Homework Additional Problem 2.2 Solutions

 

SrCO₃ is a sparingly soluble salt.  Using the K_sp from Appendix F,

a) Determine the concentrations Sr²⁺ and CO₃^2- for a saturated SrCO₃ solution in pure water ignoring secondary reactions of Sr²⁺ and CO₃^2- and ignoring the activity from dissolved Sr²⁺ and CO₃^2-.

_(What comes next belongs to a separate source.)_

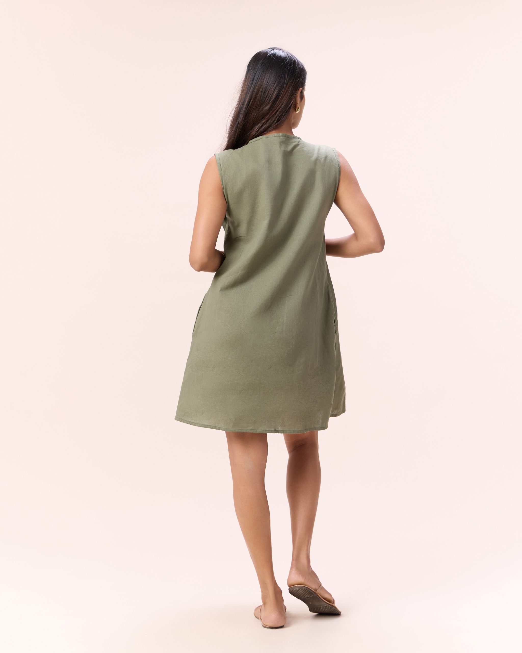 Product name – Zeya Dress Olive Neckline- Round neck Silhouette- Relaxed Length- Mini Sleeve Length – Sleeveless Fabric – Linen Model wears – UK08

This can be solved the traditional way – by setting up an ICE table

                                                      SrCO₃ (s)  ↔ Sr²⁺ + CO₃^2-

Initial                                                                     0          0   

Change                                                                  +x        +x

Equilibrium                                                           x            x

Now we can use the K for the reaction K_sp = 9.3 x 10^-10 = [Sr^2+][CO₃^2-] = x² or x = [Sr²⁺] = [CO₃^2-] = (9.3 x 10^-10) ^0.5 = 3.05 x 10^-5 M

 

b) Using the concentrations of Sr²⁺ and CO₃^2- found in a), determine the ionic strength of the solution, the activity coefficients of Sr²⁺ and CO₃^2-, and account for these in a recalculated concentration of  Sr²⁺ and CO₃^2- (only one iteration of this calculated is expected).  Continue to ignore reactions of Sr²⁺ and CO₃^2-.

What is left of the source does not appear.